TO DO: Each line below from the one containing "Employee recognition is" through the one containing "La scarsissima luce" is to be given again exactly, and no line outside that span.

RECORDS TO USE:
_ _ _

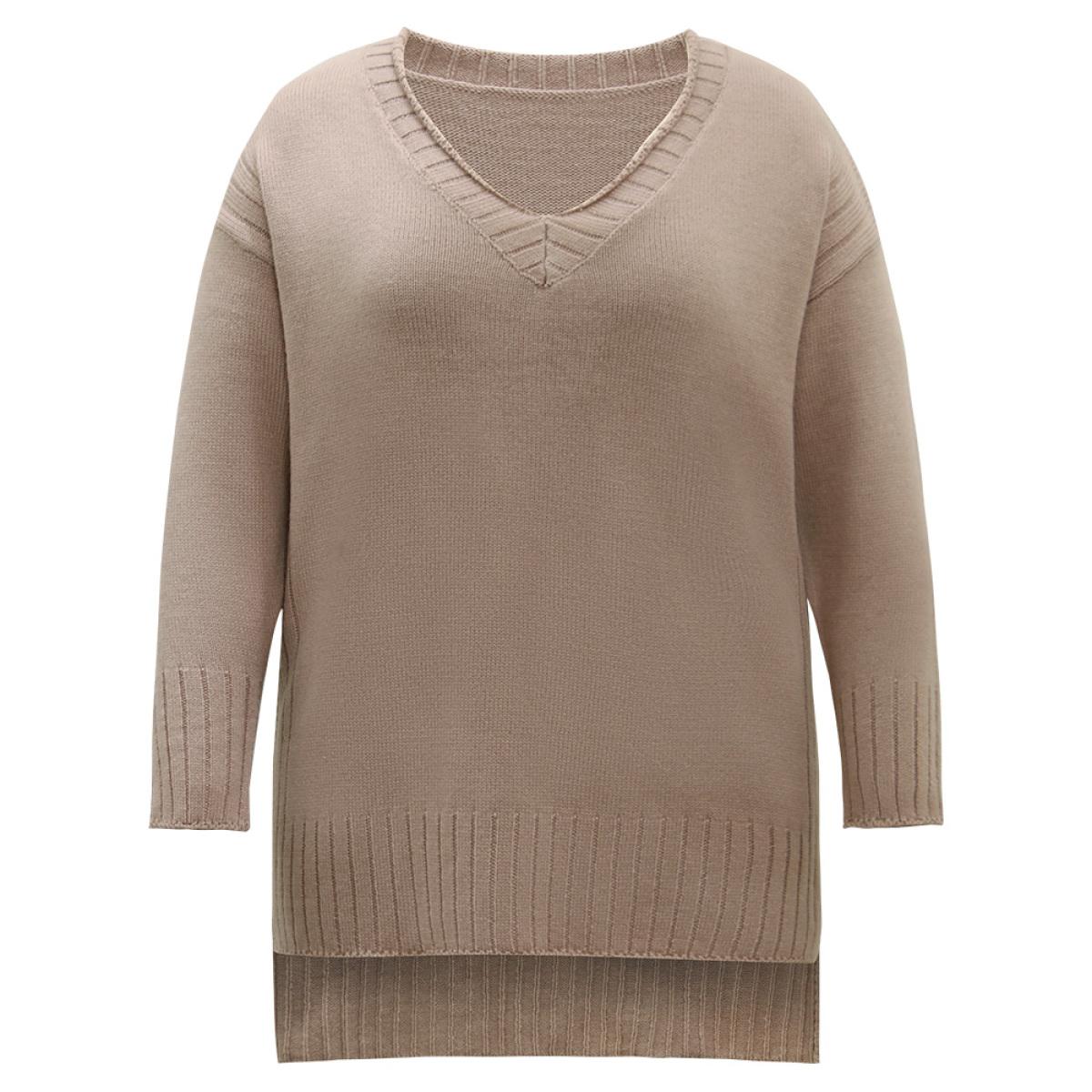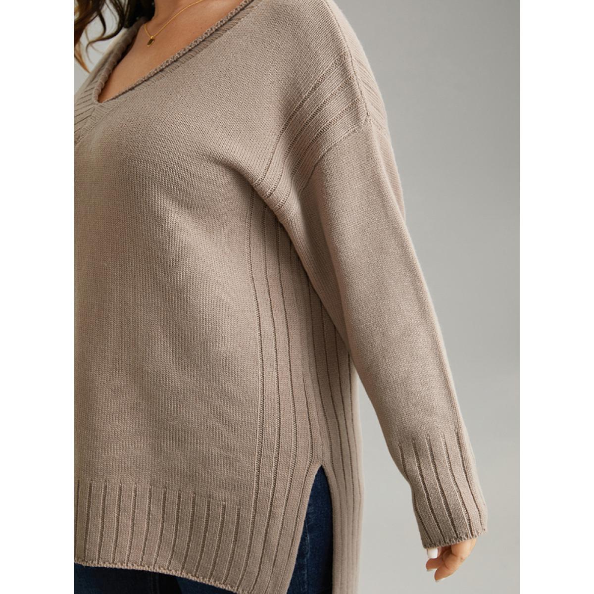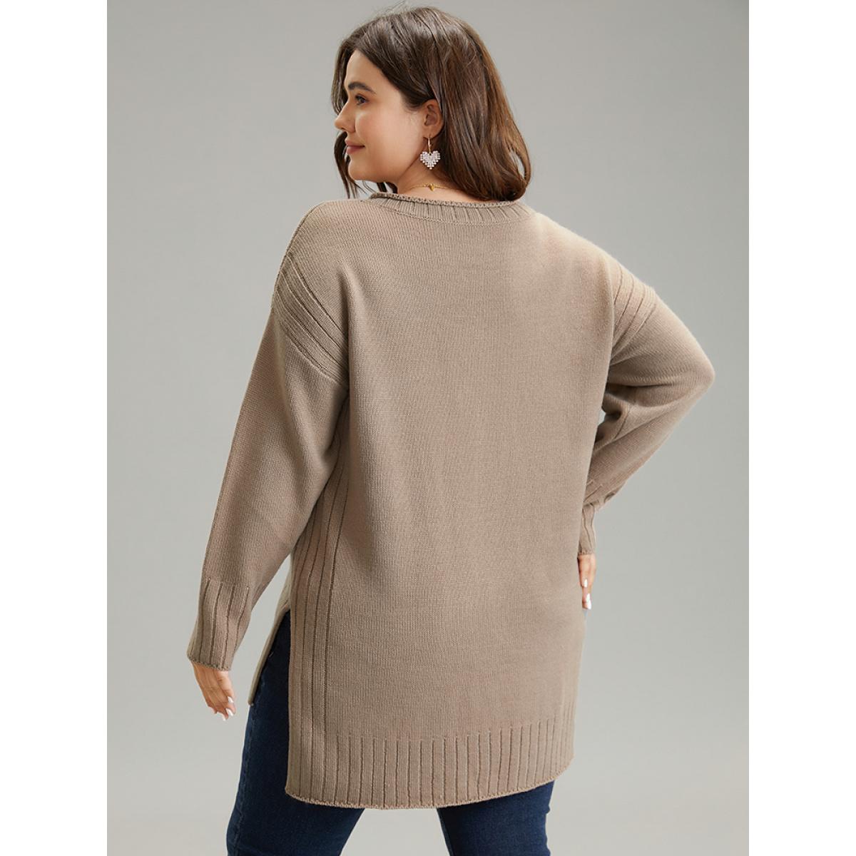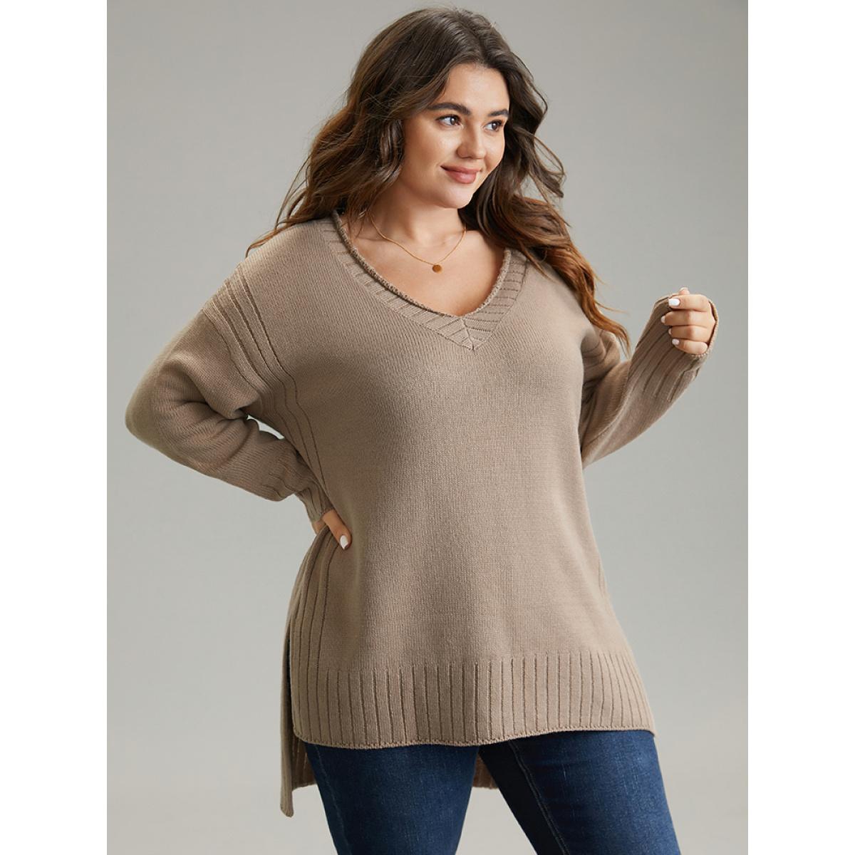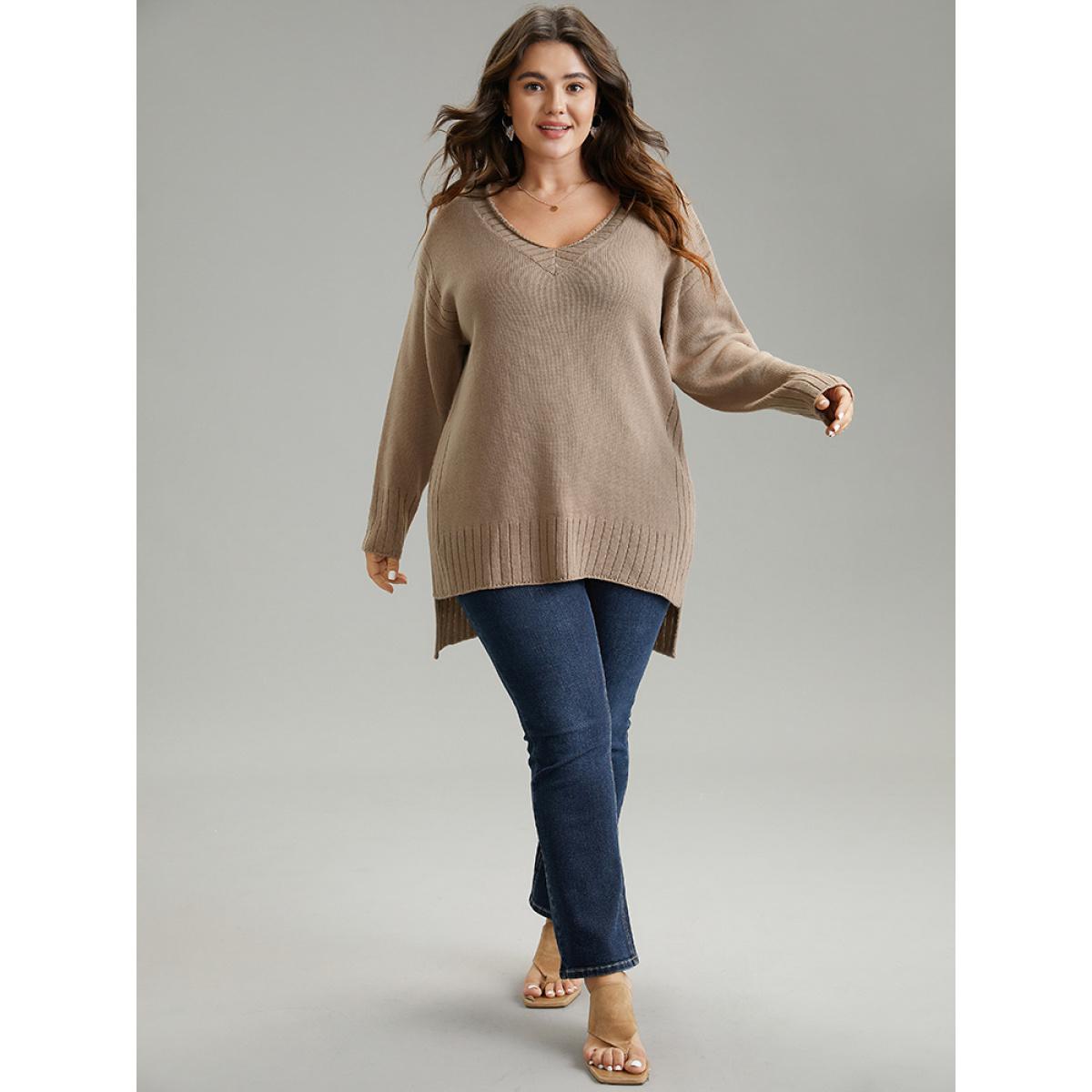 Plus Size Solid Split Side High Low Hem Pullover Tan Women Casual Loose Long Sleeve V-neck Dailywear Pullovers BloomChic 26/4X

_ _ _

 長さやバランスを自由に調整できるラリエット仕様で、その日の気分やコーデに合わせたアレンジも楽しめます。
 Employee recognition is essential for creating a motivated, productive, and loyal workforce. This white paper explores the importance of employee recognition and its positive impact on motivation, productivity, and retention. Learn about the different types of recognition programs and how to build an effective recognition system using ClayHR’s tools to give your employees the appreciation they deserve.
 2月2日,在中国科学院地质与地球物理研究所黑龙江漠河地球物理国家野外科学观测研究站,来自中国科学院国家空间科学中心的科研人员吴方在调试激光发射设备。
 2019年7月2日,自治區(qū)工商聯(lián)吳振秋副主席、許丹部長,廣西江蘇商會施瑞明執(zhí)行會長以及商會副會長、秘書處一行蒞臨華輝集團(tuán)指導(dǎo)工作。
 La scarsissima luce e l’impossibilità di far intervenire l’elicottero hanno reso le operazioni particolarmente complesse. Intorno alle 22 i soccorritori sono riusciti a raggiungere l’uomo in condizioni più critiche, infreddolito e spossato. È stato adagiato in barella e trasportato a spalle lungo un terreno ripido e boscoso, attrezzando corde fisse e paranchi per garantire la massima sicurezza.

_ _ _

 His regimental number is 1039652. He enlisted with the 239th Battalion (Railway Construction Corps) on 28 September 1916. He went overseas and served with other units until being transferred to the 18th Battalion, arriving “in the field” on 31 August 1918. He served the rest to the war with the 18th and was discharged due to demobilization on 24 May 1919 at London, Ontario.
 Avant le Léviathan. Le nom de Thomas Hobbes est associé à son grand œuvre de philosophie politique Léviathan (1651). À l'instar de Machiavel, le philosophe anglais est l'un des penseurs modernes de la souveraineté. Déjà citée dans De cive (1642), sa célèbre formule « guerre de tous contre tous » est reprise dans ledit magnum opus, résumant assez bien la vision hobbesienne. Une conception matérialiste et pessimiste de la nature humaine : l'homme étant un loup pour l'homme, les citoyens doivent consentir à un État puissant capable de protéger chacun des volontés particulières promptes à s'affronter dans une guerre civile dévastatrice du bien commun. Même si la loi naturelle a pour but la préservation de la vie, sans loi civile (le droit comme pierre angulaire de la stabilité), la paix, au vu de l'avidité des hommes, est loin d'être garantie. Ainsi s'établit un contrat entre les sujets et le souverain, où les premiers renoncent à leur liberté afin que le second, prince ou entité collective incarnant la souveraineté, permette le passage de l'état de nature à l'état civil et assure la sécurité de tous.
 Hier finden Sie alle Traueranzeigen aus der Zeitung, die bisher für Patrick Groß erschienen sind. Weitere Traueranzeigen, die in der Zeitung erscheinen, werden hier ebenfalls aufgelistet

_ _ _

RESPONSE TO THE EXERCISE:
 Employee recognition is essential for creating a motivated, productive, and loyal workforce. This white paper explores the importance of employee recognition and its positive impact on motivation, productivity, and retention. Learn about the different types of recognition programs and how to build an effective recognition system using ClayHR’s tools to give your employees the appreciation they deserve.
 2月2日,在中国科学院地质与地球物理研究所黑龙江漠河地球物理国家野外科学观测研究站,来自中国科学院国家空间科学中心的科研人员吴方在调试激光发射设备。
 2019年7月2日,自治區(qū)工商聯(lián)吳振秋副主席、許丹部長,廣西江蘇商會施瑞明執(zhí)行會長以及商會副會長、秘書處一行蒞臨華輝集團(tuán)指導(dǎo)工作。
 La scarsissima luce e l’impossibilità di far intervenire l’elicottero hanno reso le operazioni particolarmente complesse. Intorno alle 22 i soccorritori sono riusciti a raggiungere l’uomo in condizioni più critiche, infreddolito e spossato. È stato adagiato in barella e trasportato a spalle lungo un terreno ripido e boscoso, attrezzando corde fisse e paranchi per garantire la massima sicurezza.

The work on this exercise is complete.